Comment & Analysis
Nov 29, 2020

Is it the Right Time to be Talking About In-person Teaching Next Semester?

An email sent to staff and students on Friday announced plans for an increase in in-person teaching next term.

Léigh as Gaeilge an t-Eagarfhocal (Read Editorial in Irish) »
By The Editorial Board

As Ireland took its first steps to relax level-five restrictions this week, apprehension and caution trumped any feelings of celebration that people may have felt. It felt eerily similar to last summer, when restrictions were loosened only for the virus to ultimately resurge with a vengeance.

Provost Patrick Prendergast sent out an email to students on Friday, on the tide of relaxed restrictions, announcing a plan to increase face-to-face teaching through smaller classes next term. Aside from a statement of intent to increase in-person teaching, the email fell short of allaying potential concerns students may have.
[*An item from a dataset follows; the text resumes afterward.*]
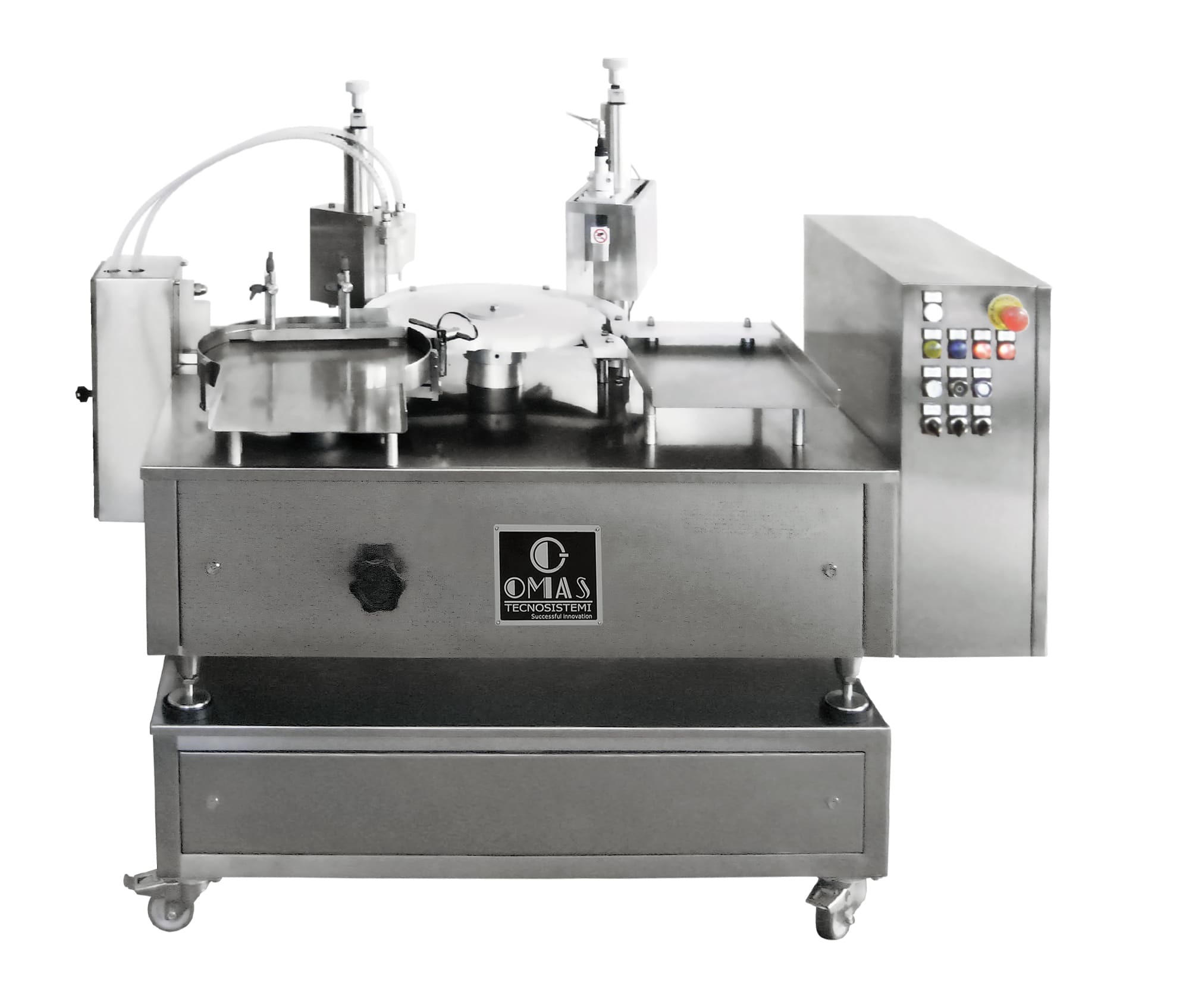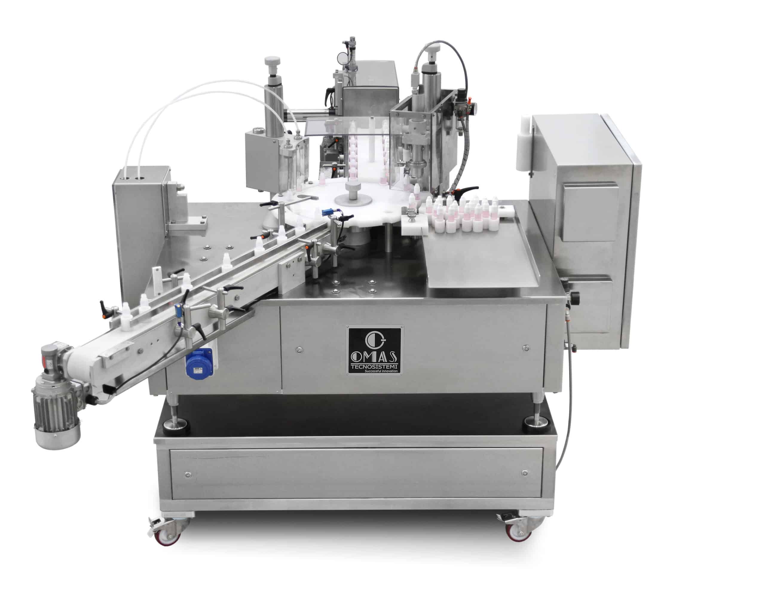 Semi automatic monoblock, specifically designed for filling and capping of samples or small sized containers. Guarantee for high accuracy and reliability. High versatility. Filling station with BTOP-FILL or FILLING UNIT, manual cap insertion, closing station for screw-cap, press-on cap, crimping.

After all, universities spent all of last summer designing plans to make in-person teaching a reality for students, only for the government to intervene at the last minute. Given the way the country’s higher-education institutions were forced to abandon face-to-face teaching last minute, predicting a return to campus in over two months’ time feels like a fool’s errand.


This Editorial Board previously warned against hasty plans for the upcoming semester. We wrote that universities need to be decisive on their plans – the College’s email is not decisive by any stretch of the imagination.

The fact that College intends to have in-person teaching even if level-five restrictions are reintroduced is also worrying. Trinity gave students an option to move their teaching entirely online for this year, provided they have a “valid” reason to do so. But students should be entitled to make their own decisions about whether it is safe for them to attend in-person classes – whether they have a “valid” reason or not.

And what about teaching staff? The Irish Federation of University Teachers has already raised concerns about a return to in-person teaching, cautioning that any change from the current restrictions must be “gradual”.

University College Dublin adopted a plan earlier this month which will allow students to complete the academic year online, if they want to. This is a much more thoughtful and measured approach to an incredibly complex situation.

There is no doubt that Trinity is in an impossible situation at present, but it must not set unrealistic expectations, when we know so little about what next year could look like.